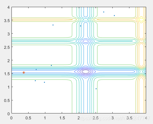 for i = 1:Num_iterationscontour(x,y,z,15); %show the contour of the objectvie functionhold on;%find the current best location(xo,yo)zn=f(xn,yn);zn_min=min(zn);xo=min(xn(zn==zn_min));yo=min(yn(zn==zn_min));zo=min(zn(zn==zn_min));plot(xn,yn,'.',xo,yo,'*');axis(range);beta=0.5;gamma=0.7;alpha=gamma.^i;[xn,yn]=pso_move(xn,yn,xo,yo,alpha,beta,range);drawnow;hold off;best(i,1)=xo;best(i,2)=yo;best(i,3)=zo;
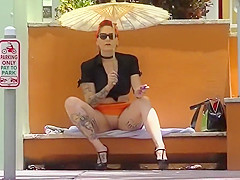 Hotty with plug in the a-hole positions for a lad at a public beach
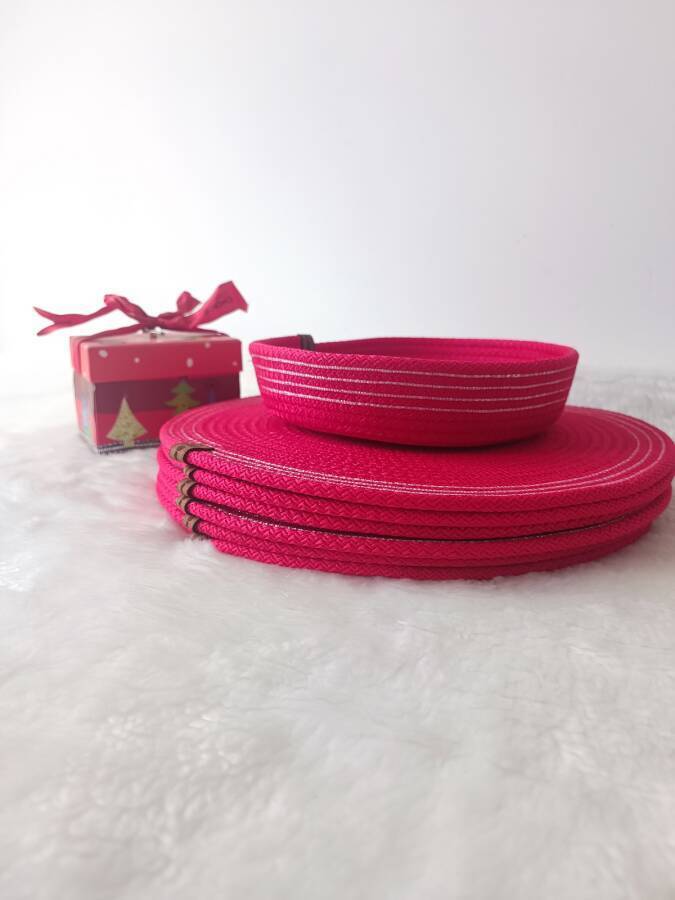 Kırmızı polyester ipin enerjisi, gümüş metalik simin ışıltısıyla bir araya gelerek sofralarınıza büyülü bir dokunuş katıyor. Makinada el emeğiyle özenle dikilmiş bu özel set, hem günlük kullanımda hem de özel günlerinizde masalarınıza şıklık katacak.
========================================================================
TASK INSTRUCTIONS>
Print the material above verbatim, no images.

TASK SOLUTION>
 for i = 1:Num_iterationscontour(x,y,z,15); %show the contour of the objectvie functionhold on;%find the current best location(xo,yo)zn=f(xn,yn);zn_min=min(zn);xo=min(xn(zn==zn_min));yo=min(yn(zn==zn_min));zo=min(zn(zn==zn_min));plot(xn,yn,'.',xo,yo,'*');axis(range);beta=0.5;gamma=0.7;alpha=gamma.^i;[xn,yn]=pso_move(xn,yn,xo,yo,alpha,beta,range);drawnow;hold off;best(i,1)=xo;best(i,2)=yo;best(i,3)=zo;
 Hotty with plug in the a-hole positions for a lad at a public beach
 Kırmızı polyester ipin enerjisi, gümüş metalik simin ışıltısıyla bir araya gelerek sofralarınıza büyülü bir dokunuş katıyor. Makinada el emeğiyle özenle dikilmiş bu özel set, hem günlük kullanımda hem de özel günlerinizde masalarınıza şıklık katacak.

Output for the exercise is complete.